**DATA**
= = = = =

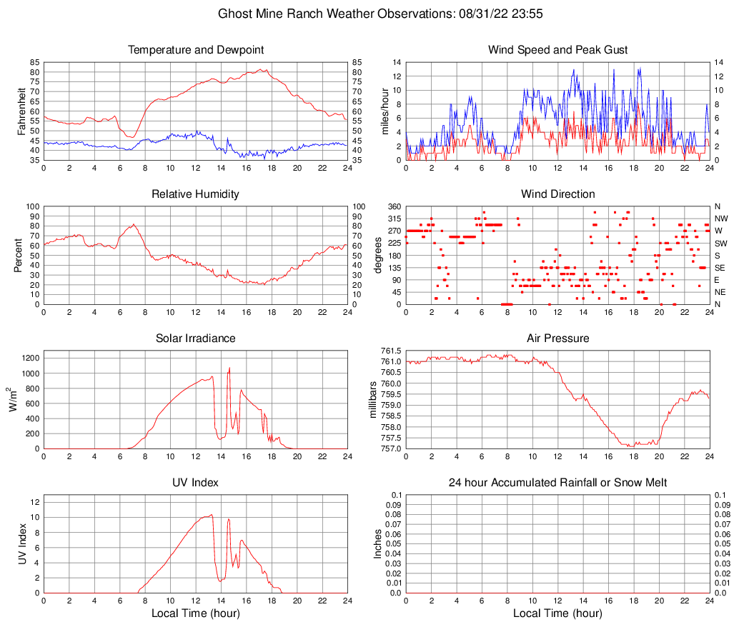 Temperature (F) 55.7 46.6 @ 07:00 81.4 @ 17:05 64.7
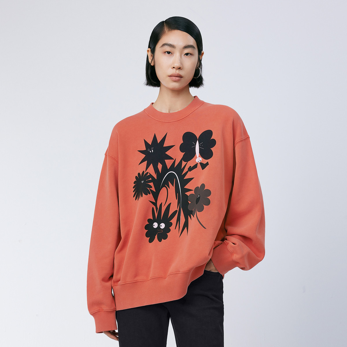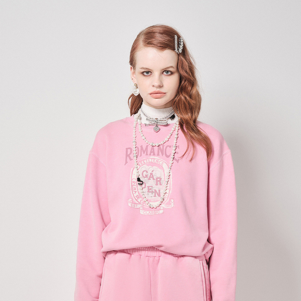 春秋复古印花oversize卫衣女圆领宽松上衣 326548
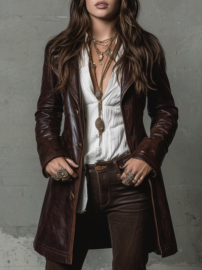 Vintage Brown Eco-Leather Long Coat

= = = = =

**WHAT YOU ARE ASKED TO DO**
All that the answer may contain is the exact text of the lines from the one with "春秋复古印花oversize卫衣女圆领宽松上衣 326548" through the last line of the material, pictures excluded.

**OUTPUT FOR THIS EXERCISE**
 春秋复古印花oversize卫衣女圆领宽松上衣 326548
 Vintage Brown Eco-Leather Long Coat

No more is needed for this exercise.